Re: [PATCH v3 3/3] mm/mempolicy: add nodes_empty check in SYSC_migrate_pages
From: Yisheng Xie
Date: Tue Nov 28 2017 - 03:04:32 EST
On 2017/11/28 10:03, Yisheng Xie wrote:
> Hi Vlastimil,
>
> Thanks for your comment!
> On 2017/11/28 1:25, Vlastimil Babka wrote:
>> On 11/17/2017 02:37 AM, Yisheng Xie wrote:
>>> As manpage of migrate_pages, the errno should be set to EINVAL when
>>> none of the node IDs specified by new_nodes are on-line and allowed
>>> by the process's current cpuset context, or none of the specified
>>> nodes contain memory. However, when test by following case:
>>>
>>> new_nodes = 0;
>>> old_nodes = 0xf;
>>> ret = migrate_pages(pid, old_nodes, new_nodes, MAX);
>>>
>>> The ret will be 0 and no errno is set. As the new_nodes is empty,
>>> we should expect EINVAL as documented.
>>>
>>> To fix the case like above, this patch check whether target nodes
>>> AND current task_nodes is empty, and then check whether AND
>>> node_states[N_MEMORY] is empty.
>>>
>>> Signed-off-by: Yisheng Xie <xieyisheng1@xxxxxxxxxx>
>>> ---
>>> mm/mempolicy.c | 10 +++++++---
>>> 1 file changed, 7 insertions(+), 3 deletions(-)
>>>
>>> diff --git a/mm/mempolicy.c b/mm/mempolicy.c
>>> index 65df28d..f604b22 100644
>>> --- a/mm/mempolicy.c
>>> +++ b/mm/mempolicy.c
>>> @@ -1433,10 +1433,14 @@ static int copy_nodes_to_user(unsigned long __user *mask, unsigned long maxnode,
>>> goto out_put;
>>> }
>>
>> Let me add the whole preceding that ends on the lines above:
>>
>> task_nodes = cpuset_mems_allowed(task);
>> /* Is the user allowed to access the target nodes? */
>> if (!nodes_subset(*new, task_nodes) && !capable(CAP_SYS_NICE)) {
>> err = -EPERM;
>> goto out_put;
>> }
>>
>>>
>>> - if (!nodes_subset(*new, node_states[N_MEMORY])) {
>>> - err = -EINVAL;
>>> + task_nodes = cpuset_mems_allowed(current);
>>> + nodes_and(*new, *new, task_nodes);
>>> + if (nodes_empty(*new))
>>> + goto out_put;
>>
>> So if we have CAP_SYS_NICE, we pass (or rather skip) the EPERM check
>> above, but the current cpuset restriction still applies regardless. This
>> doesn't make sense to me? If I get Christoph right in the v2 discussion,
>> then CAP_SYS_NICE should not allow current cpuset escape.

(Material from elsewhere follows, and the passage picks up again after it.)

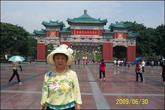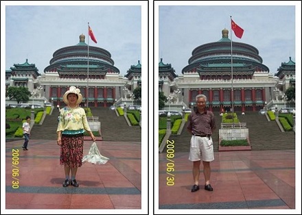 2009年6月30日,我与我妻到重庆市的市中心去游玩,下图是我妻在人民广场上的留影,背景是重庆市人民大礼堂的牌楼。

> hmm, maybe I do not get what you mean, the patch seems do not *escape* the
> current cpuset? if CAP_SYS_NICE it also check current cpuset, right?
>
>> In that case,
>> we should remove the CAP_SYS_NICE check from the EPERM check? Also
>> should it be a subset check, or a non-empty-intersection check?
>
> So you mean:
> 1. we should remove the EPERM check above?
> 2. Not sure we should use subset check, or a non-empty-intersection for current cpuset?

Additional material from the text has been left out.